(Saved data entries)
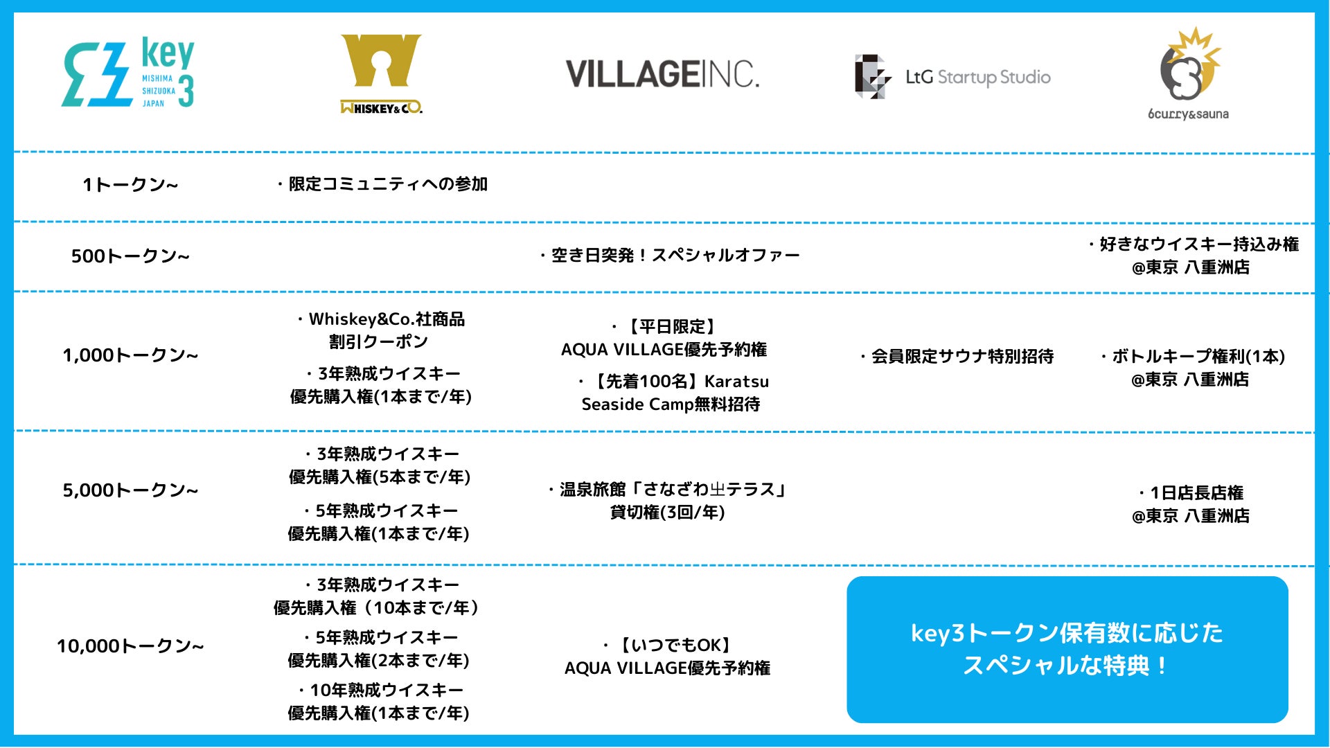 クラフト・スピリッツの製造・販売を行うWhiskey&Co.株式会社(本社:東京都渋谷区、代表取締役:大森章平)の「三島ウイスキープロジェクト」は三島発の3ブランドと提携しkey3トークン購入サポーターへ新たにコラボ特典を追加しました。
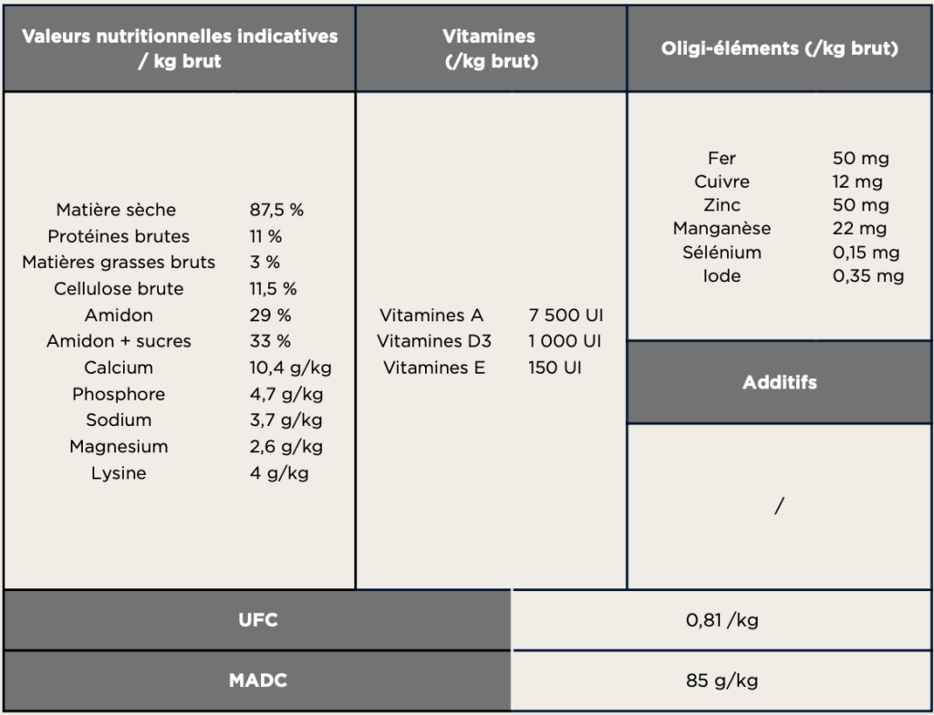 - Apport de vitamines et minéraux contribuant à la couverture des besoins selon les recommandations de l’INRAE ou du NRC
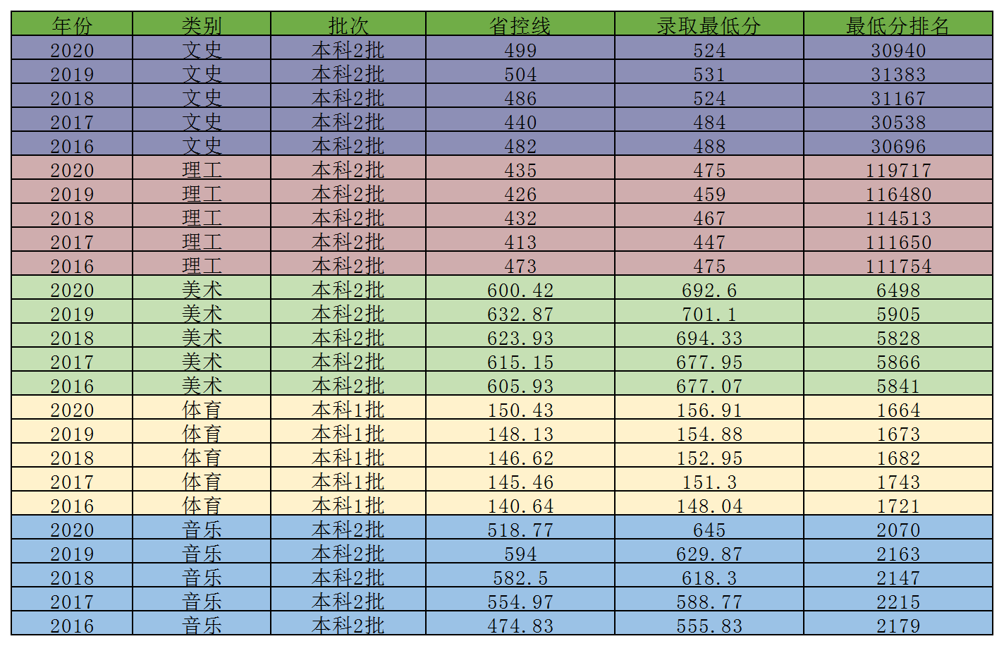 我校各科类2016-2020年在安徽省普通高校招生最低投档分数及名次
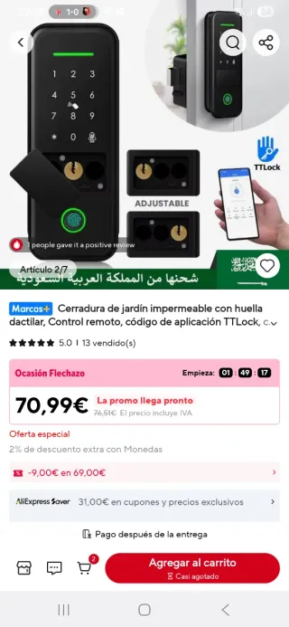 Cerradura inteligente para puerta de jardín casa garaje trastero etc resistente al agua y con control remoto. - Huella dactilar para acceso. - Control mediante aplicación TTLock. - Diseño moderno y funcional. - color negro Producto totalmente nuevo en caja sin estrenar
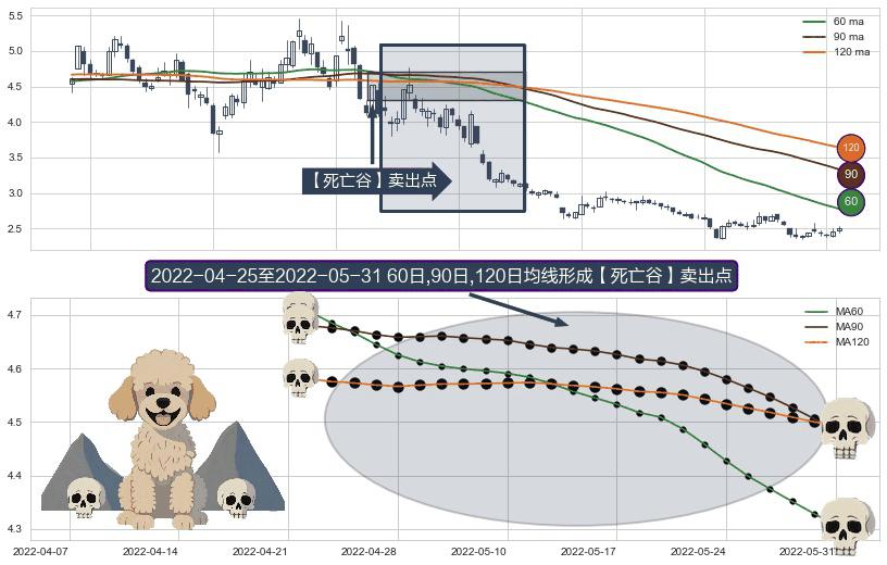 形态多维评估: ⚀ 2022-04-26-日至2022-05-31-日显现 60日-90日-120日均线 【死亡谷】卖出点 看空信号,后市看跌,卖出
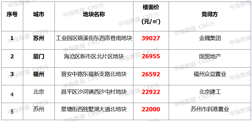 表:全国住宅用地楼面单价TOP5
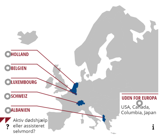 - Aktiv dødshjælp er lovligt i blandt andet Holland, Belgien, Luxemborg, Albanien, USA, Canada, Columbia og Japan. Her er ydes det alene til uhelbredeligt syge, og det sker ved en overdosis af et stærkt lægemiddel.
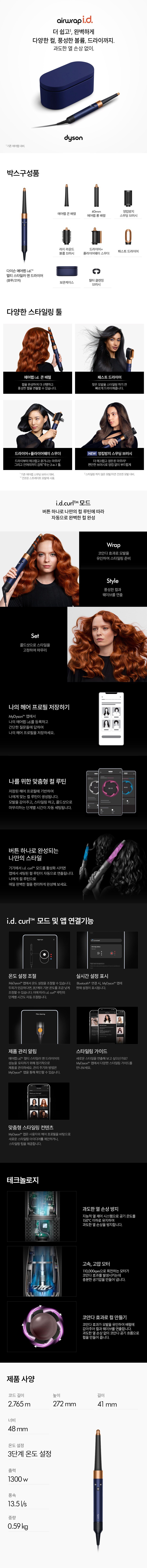 | 품명 및 모델명 | 다이슨 에어랩 i.d. 멀티 스타일러 앤 드라이어 블루/코퍼 / HS08 | KC 인증정보 | HU071039-17007K , R-R-DkL-HS08 |
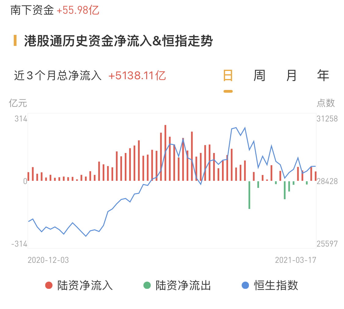 南下资金今日净流入港股55.98亿港元,周三净流入超43亿港元。
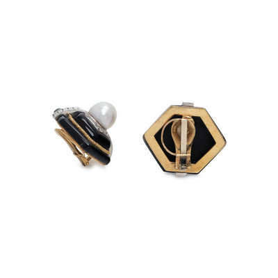 CULTURED PEARL, DIAMOND AND ONYX EARCLIPS
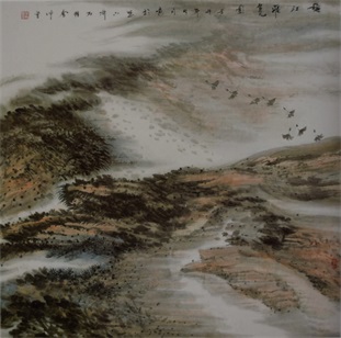 杜仲增《秋江飞鸟图》 尺幅:68X68cm
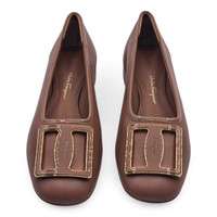 Ballet flats in lambskin leather. Size: 9.5 Style: Myrna Signature Ferragamo buckle with logo. Made in Italy. Condition: Brand new with box and dustbag.
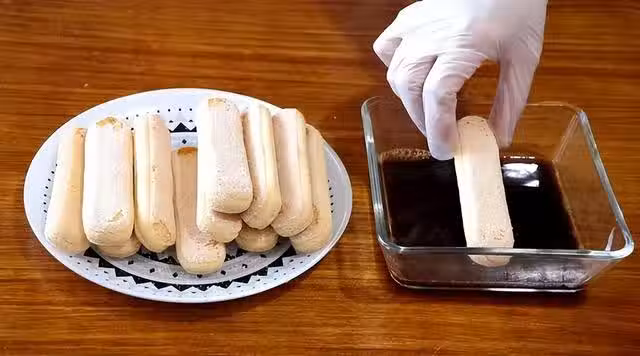 10、 繼續將滾過朗姆酒的餅乾放在奶糊糊上面,再倒上一層奶糊糊;
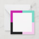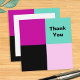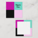 Diga um na moda 'Obrigado' com esta placa moderna de bloqueio de abstrato. A frente do cartão é dividida em quatro seções quadradas, de cor magenta, preta, turquesa e rosa. No verso, o cartão é branco para você escrever sua própria mensagem, com uma borda dividida nas quatro cores acima. O estilo simples e contemporâneo é certamente uma impressão de destaque.
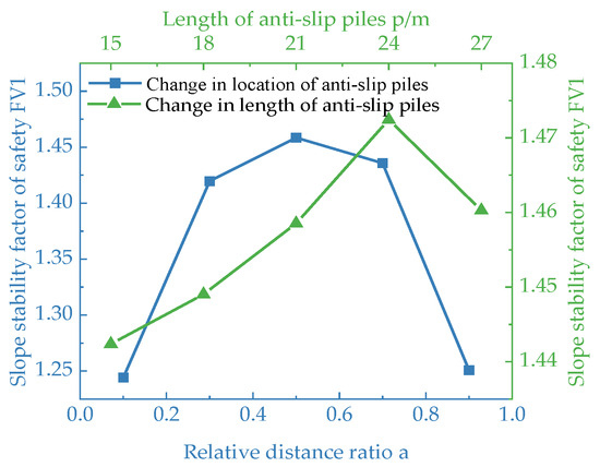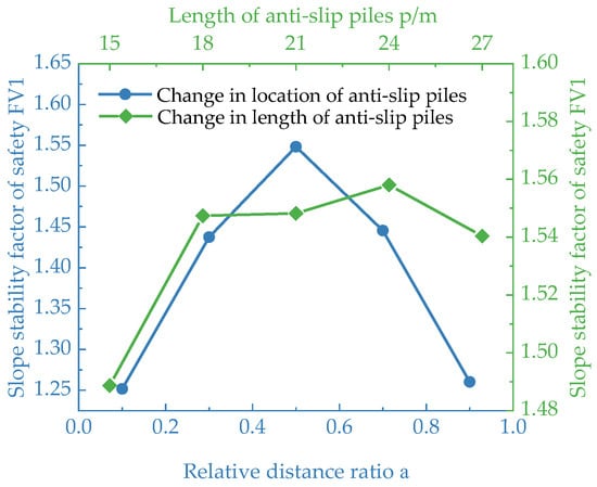 - High-toughness material anti-sliding piles exhibit superior mechanical properties compared to conventional concrete anti-sliding piles. At a = 0.5, the application of high-toughness material anti-sliding piles achieves a stability safety factor FV1 of 1.54822, reflecting a 32.10% improvement over the unreinforced slope and a 7.55% improvement over conventional concrete anti-sliding piles. The maximum safety factor is 1.55804 when the pile length is p = 24 m;
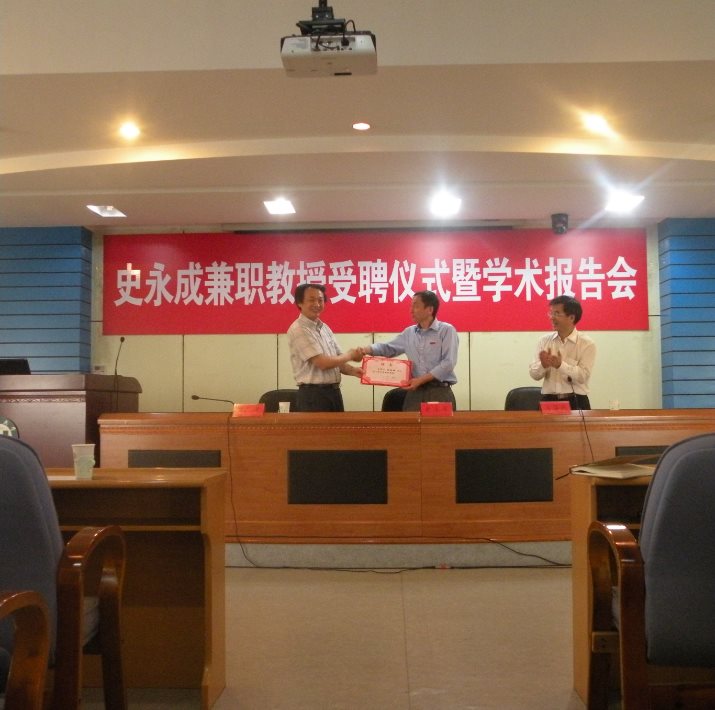 On Jun 5, professor Yong-Cheng Shi,Department of Grain Science and Industry, Kansas State University, was appointed part-time professor of Jiangsu University. Ma Haile, Dean of School of Food and Biological Engineering, and some faculty members and students of the school attended the ceremony. At the ceremony, Chen Long, the vice President, granted prof. Yong-Cheng Shi a letter of appointment, pinned a Jiangsu University emblem for him. Dean Ma Haile made a brief introduction of prof. Shi’s Curriculum Vitae and major academic achievements. After the ceremony, prof. Yong-Cheng Shi made a lecture entitled Recent Advances in Resistant Starch and Slowly Digestible Starch.

◆ **About this exercise**
Your answer must be an exact repeat of all the records, minus the pictures.

◆ **Response**
 クラフト・スピリッツの製造・販売を行うWhiskey&Co.株式会社(本社:東京都渋谷区、代表取締役:大森章平)の「三島ウイスキープロジェクト」は三島発の3ブランドと提携しkey3トークン購入サポーターへ新たにコラボ特典を追加しました。
 - Apport de vitamines et minéraux contribuant à la couverture des besoins selon les recommandations de l’INRAE ou du NRC
 我校各科类2016-2020年在安徽省普通高校招生最低投档分数及名次
 Cerradura inteligente para puerta de jardín casa garaje trastero etc resistente al agua y con control remoto. - Huella dactilar para acceso. - Control mediante aplicación TTLock. - Diseño moderno y funcional. - color negro Producto totalmente nuevo en caja sin estrenar
 形态多维评估: ⚀ 2022-04-26-日至2022-05-31-日显现 60日-90日-120日均线 【死亡谷】卖出点 看空信号,后市看跌,卖出
 表:全国住宅用地楼面单价TOP5
 - Aktiv dødshjælp er lovligt i blandt andet Holland, Belgien, Luxemborg, Albanien, USA, Canada, Columbia og Japan. Her er ydes det alene til uhelbredeligt syge, og det sker ved en overdosis af et stærkt lægemiddel.
 | 품명 및 모델명 | 다이슨 에어랩 i.d. 멀티 스타일러 앤 드라이어 블루/코퍼 / HS08 | KC 인증정보 | HU071039-17007K , R-R-DkL-HS08 |
 南下资金今日净流入港股55.98亿港元,周三净流入超43亿港元。
 CULTURED PEARL, DIAMOND AND ONYX EARCLIPS
 杜仲增《秋江飞鸟图》 尺幅:68X68cm
 Ballet flats in lambskin leather. Size: 9.5 Style: Myrna Signature Ferragamo buckle with logo. Made in Italy. Condition: Brand new with box and dustbag.
 10、 繼續將滾過朗姆酒的餅乾放在奶糊糊上面,再倒上一層奶糊糊;
 Diga um na moda 'Obrigado' com esta placa moderna de bloqueio de abstrato. A frente do cartão é dividida em quatro seções quadradas, de cor magenta, preta, turquesa e rosa. No verso, o cartão é branco para você escrever sua própria mensagem, com uma borda dividida nas quatro cores acima. O estilo simples e contemporâneo é certamente uma impressão de destaque.
 - High-toughness material anti-sliding piles exhibit superior mechanical properties compared to conventional concrete anti-sliding piles. At a = 0.5, the application of high-toughness material anti-sliding piles achieves a stability safety factor FV1 of 1.54822, reflecting a 32.10% improvement over the unreinforced slope and a 7.55% improvement over conventional concrete anti-sliding piles. The maximum safety factor is 1.55804 when the pile length is p = 24 m;
 On Jun 5, professor Yong-Cheng Shi,Department of Grain Science and Industry, Kansas State University, was appointed part-time professor of Jiangsu University. Ma Haile, Dean of School of Food and Biological Engineering, and some faculty members and students of the school attended the ceremony. At the ceremony, Chen Long, the vice President, granted prof. Yong-Cheng Shi a letter of appointment, pinned a Jiangsu University emblem for him. Dean Ma Haile made a brief introduction of prof. Shi’s Curriculum Vitae and major academic achievements. After the ceremony, prof. Yong-Cheng Shi made a lecture entitled Recent Advances in Resistant Starch and Slowly Digestible Starch.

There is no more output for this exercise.